As we approach the end of TTC, we are more seriously reconsidering adoption. Husbandido is pretty strongly in favor of moving ahead with it, quickly. I have more doubts and concerns; adoption was never something I considered before IF. With my background, I cannot deny that genetics and prenatal environment are important in determining who a person is. I don't claim that parents and environment don't matter, though recent research suggests that they matter less than we might like or imagine. I am terrified of spending a fortune to adopt and a raise a child (or children) who will then turn around and reject us as not their "real family" once he or she is grown. If we are going to end up old and alone, isn't it better that we at least have the money to cover a decent care facility rather than being stuck in the facility for the indigent? (Yes, I am quite aware that is a worst case scenario, thank you very much.) In trying to research adoption, I have found a plethora of opinions, from whole-hearted support to adoptees who wish they were aborted to those who think adoption is evil and we should all just give the money we would spend adopting to birth mothers so that they can keep their babies. What I haven't found is good, solid research on the long-term results of adoption. How common is it that they maintain good relationships with their families? How common is rejection or estrangement? We can speak to those we know who have raised adopted children or who were adopted, but as the saying goes, the plural of anecdote is not data. In the end, it will probably not be research that convinces me but a leap of faith. (I hate making leaps of faith.)

Monday, February 2, 2015

Mary's Hopes and Dreams

While spending the holidays with my family in Scottsdale, AZ, we had the pleasure of attending Our Lady of Joy in Carefree. In the front of the chapel there is a painting of Mary holding and playing with Jesus amongst the cacti and other plants of the Sonoran desert. As I've written before, I haven't always had the easiest time connecting to Mary. But something about this painting drew me in, made me think more about Mary the person, not The Blessed Virgin Mary. What were Mary's hopes and dreams? We know very little about Mary, primarily her family, her youth, her humility and her faithfulness. But there must have been so much more to her; surely she had hopes and dreams and fears. As an only child, did she long for a house full of children, so that her children would not be alone? Though she probably didn't dream of love as we now imagine romantic love, what hopes did she have for her future husband? As a faithful, pious young woman, she probably hoped for a husband who would also be strong in faith. Did she hope that her husband would be learned or a man of means? Did she simply hope that he would be kind and treat her well? Did Mary dream of a handsome husband? Did Mary, knowing of her cousin Elizabeth's barrenness and her parents' difficulties, pray that she might not undergo that trial? Did she dream of permanence, a home where she would spend the rest of her life? We know that Mary was humble and that most Jews expected the Messiah to come as a king, so she almost certainly did not dream of bearing the Son of God.

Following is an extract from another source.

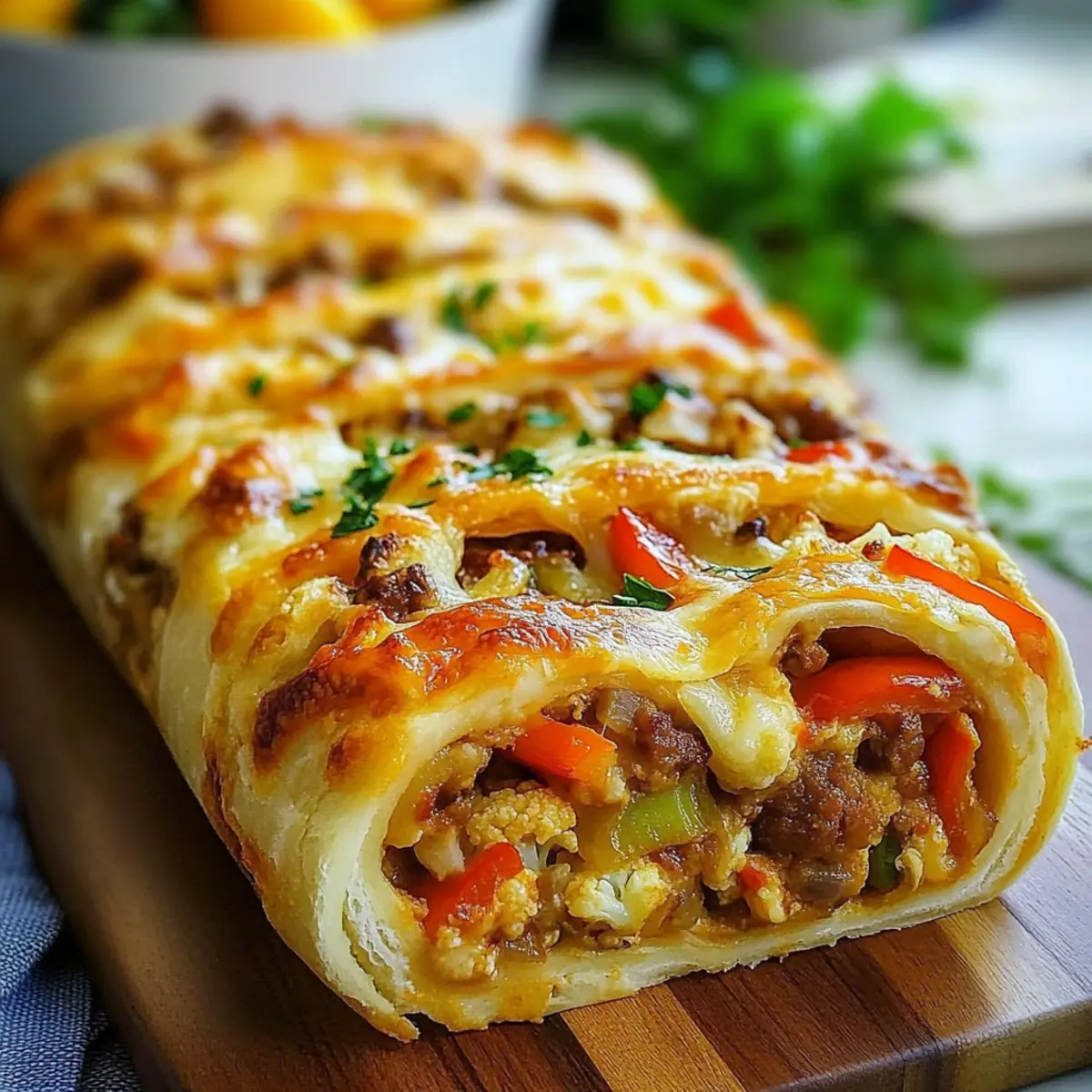 Sprinkle the top of the rolled Garbage Bread with garlic powder and grated Parmesan cheese to enhance the flavor. Finish it off with a sprinkle of fresh parsley for a pop of color. The garlic aroma will fill your kitchen as it bakes, adding to the cozy atmosphere of comfort food creation.
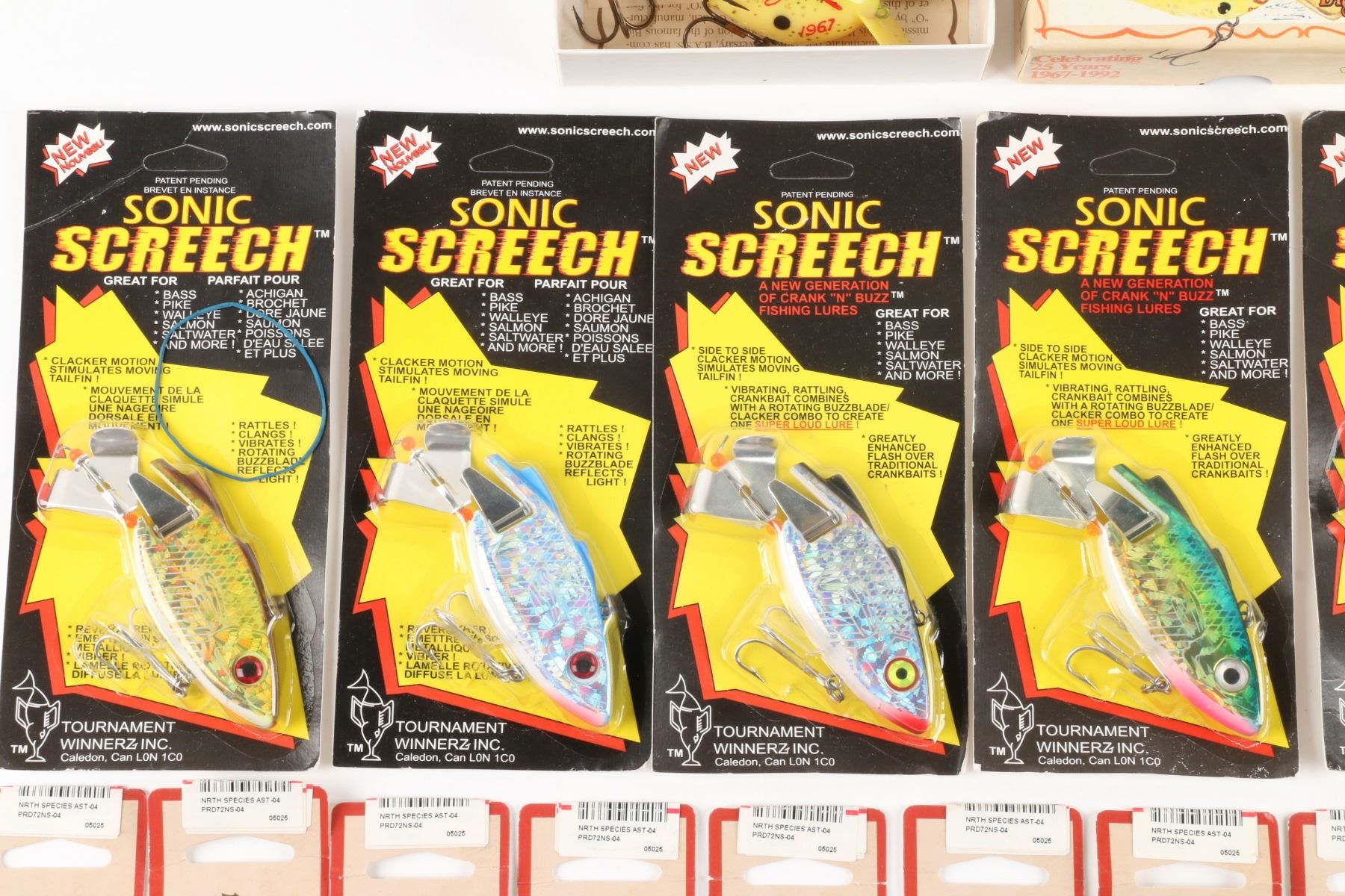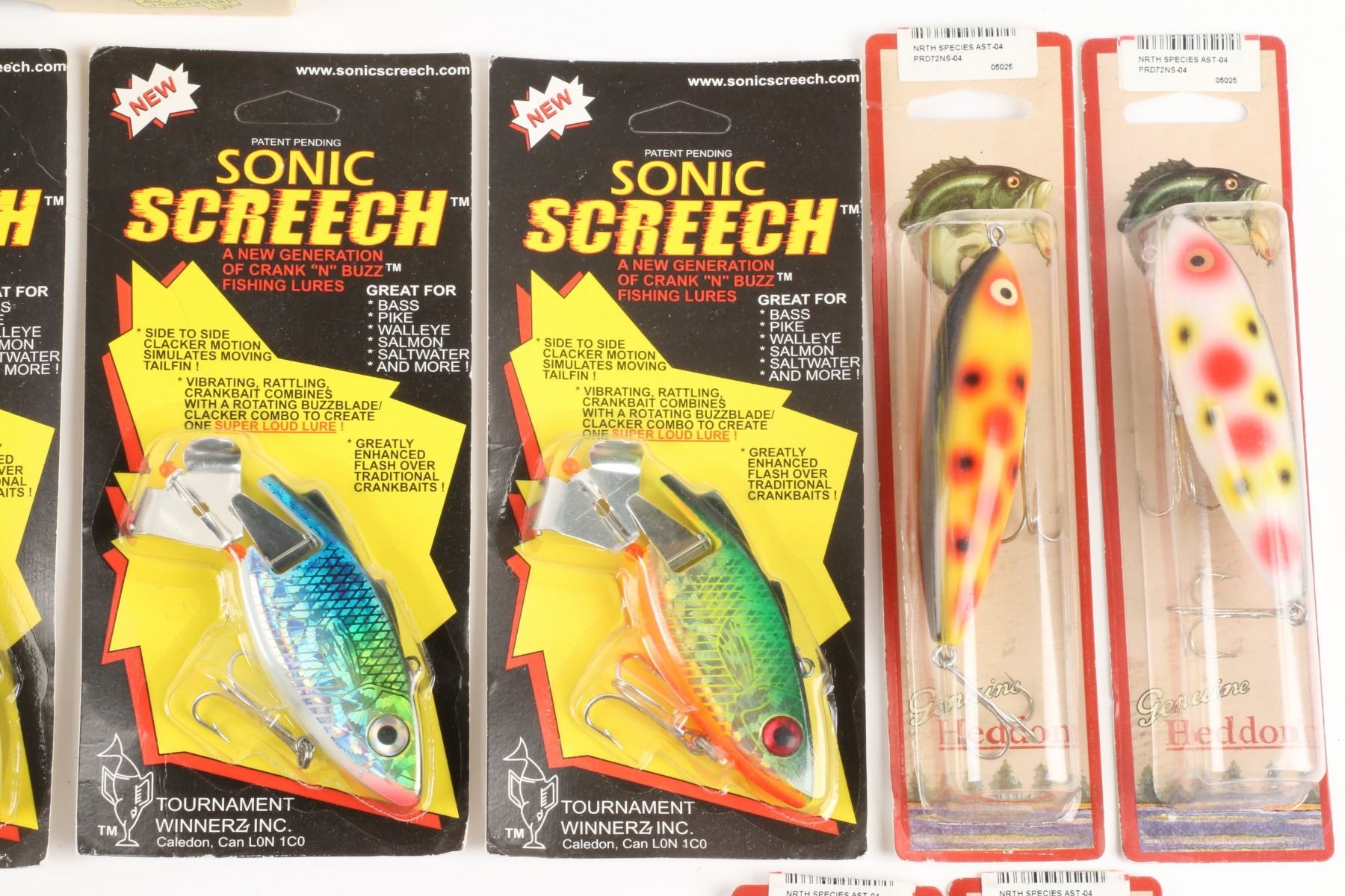 Heddon, Cotton Cordell, and Sonic Screech, North America. Packaged. Material: Mixed. Quantity: 22. Grade: VG+. 4" Each Est. $75-100.

Whatever Mary hoped and dreamed before her betrothal and visit from the Archangel Gabriel, it almost certainly was not what she got. Mary's plans and hopes and dreams, like ours, were turned upside down by God. Until that moment, I never imagined that Mary could understand the loss and pain of infertility. She may not have experienced infertility or miscarriage, but she experienced the trial of finding out that God's plan for her was different from what she had imagined for herself. Though she might not have been through month after month after year of trying, of feeling loss every month, she almost certainly had some moments of fear and uncertainty when traveling to Bethlehem late in her pregnancy or when the angel warned Joseph to flee to Egypt. Though she was obedient and faithful, Mary still may have questioned what God was doing in her life; she may have doubted or worried. Mary's pregnancy and maternity doesn't have to be what keeps me from turning to her, for it was that pregnancy and maternity that turned her world upside down, as my lack of pregnancy and maternity has turned my world upside down.